Quelques questions à Daniele Finzi Pasca
Daniele Finzi Pasca, vous sortez de la Fête des Vignerons et vous voici confronté à Einstein on the Beach : pour vous quel est le dénominateur commun de votre art, comment arrivez-vous à faire ce grand écart, en d’autres mots qu’est-ce qui pour vous est important de faire ressortir dans votre démarche et dans les œuvres que vous livrez au public ?
Je suis un voyageur et ce n’est pas un effort pour moi de monter à bord d’un navire et de voguer vers des terres inconnues. J’ai dirigé tellement de projets si différents les uns des autres en me servant de mon cœur et des techniques auxquelles je me suis apprivoisé au fil des ans. Quand j’entre dans un théâtre, je me sens tout de suite à la maison et ensuite je fais de mon mieux pour établir des rapports de complicité avec les personnes autour de moi. Je suis aussi cuisinier et j’utilise des épices et des parfums qui font partie de l’histoire de ma famille et du quartier où j’ai vécu. J’aime émouvoir, toucher, étreindre et transporter le public dans des
voyages au-delà du réel. J’adore les rêves des enfants et les fugues de la réalité des personnes âgées. Pour moi, le théâtre, c’est un beau jeu.
Nous aimons les étiquettes dans le genre lyrique : Comme quoi vous identifiez-vous ? Clown, metteur en scène, chef de troupe (c’est ironique et une suite de la première question) ? Ou auriez-vous une suggestion pour décloisonner l’opéra ?
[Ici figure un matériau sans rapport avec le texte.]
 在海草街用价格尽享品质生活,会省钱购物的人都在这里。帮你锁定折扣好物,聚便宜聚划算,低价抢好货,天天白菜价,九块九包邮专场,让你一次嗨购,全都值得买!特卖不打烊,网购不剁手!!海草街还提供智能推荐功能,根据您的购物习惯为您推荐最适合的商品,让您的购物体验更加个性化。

Je suis un homme de théâtre, simplement et profondément cela. J’appartiens à une manière de concevoir le monde qui est celle de la Renaissance. Je ne pense pas qu’il soit nécessaire de se spécialiser dans un environnement restreint. Je touche et j’effleure avec curiosité des mondes différents en les contaminant et en même temps, je me laisse transformer par eux.
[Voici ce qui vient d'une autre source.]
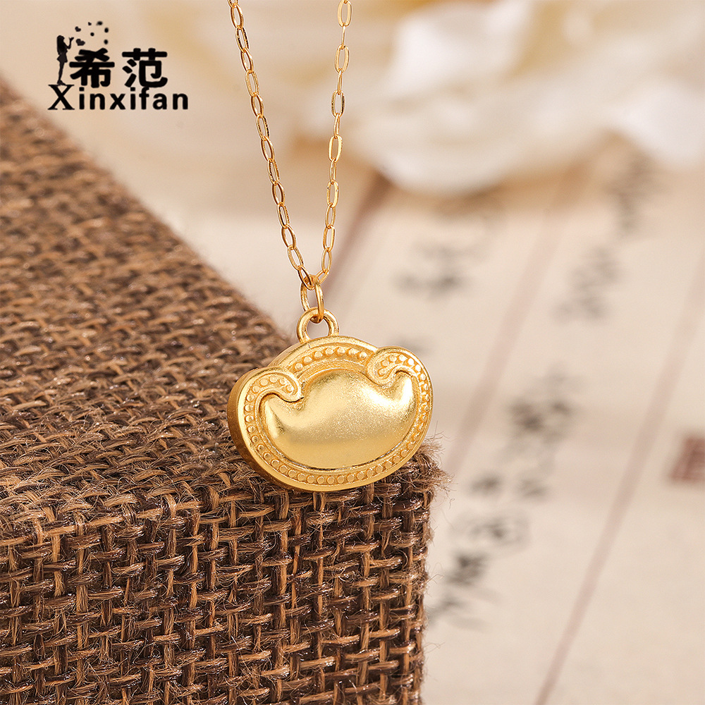 S925纯银大元宝项链女新中式国风哑光效果吊坠锁骨链元宝锁包链

Quel est votre rapport à la musique de Glass ? Qu’est-ce qui change ici pour votre processus créatif par rapport aux œuvres plus classiques que vous avez déjà montées ?
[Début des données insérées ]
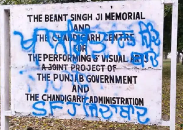 चंडीगढ़ में गणंत्रत दिवस के मौके पर खालिस्तानी नारे लिखे हुए मिलने पर हड़कंप मच गया है। प्राप्त जानकारी के अनुसार चंडीगढ़ के सेक्टर 42 में स्थित बेअंत सिंह मेमोरियल के बोर्ड की दोनों तरफ खालिस्तानी जिंदाबाद व सिख्स फॉर जस्टिस (एस.एफ.जे) जिंदाबाद नारे लिखे हुए मिले। इन नारों को नीले रंग की स्प्रे से लिखा गया है।

Sa musique m’a souvent accompagné. Sa musique n’est pas une musique que j’écoute mais c’est une musique qui m’accompagne. Je peux gravir une montagne, voyager entre Bombay et Calcutta ou ébouillanter des tomates pour préparer une sauce en sa compagnie. Je suis heureux de pouvoir m’immerger dans son monde.
Glass et Wilson ont marqué une partie des spectateurs du XX e siècle avec leur création atypique, qui réinvente la narration scénique et musicale. Qu’est-ce que vous vous aimeriez exprimer en vous appropriant ces quatre heures continues de musique ? Comment créez-vous un nouveau contenu approprié à la forme ? (Je pense aux noms des scènes, qui sont des lieux et des moments abstraits et les seuls éléments narratifs de l’oeuvre et que vous ne reprenez pas).
Je mets en scène ce que je rêve. Cet opéra ouvre des espaces gigantesques pour construire de minuscules allusions à un monde onirique où se révèlent les interrogations qui mettent en relation l’espace et le temps. Je ne suis pas du genre conceptuel, je procède plutôt par coups de cœur et par association d’idées. Je ne voudrais rien rajouter à ce qui existe déjà ou plutôt je cherche à ouvrir des portes derrière lesquelles on peut inventer de petits paysages intérieurs.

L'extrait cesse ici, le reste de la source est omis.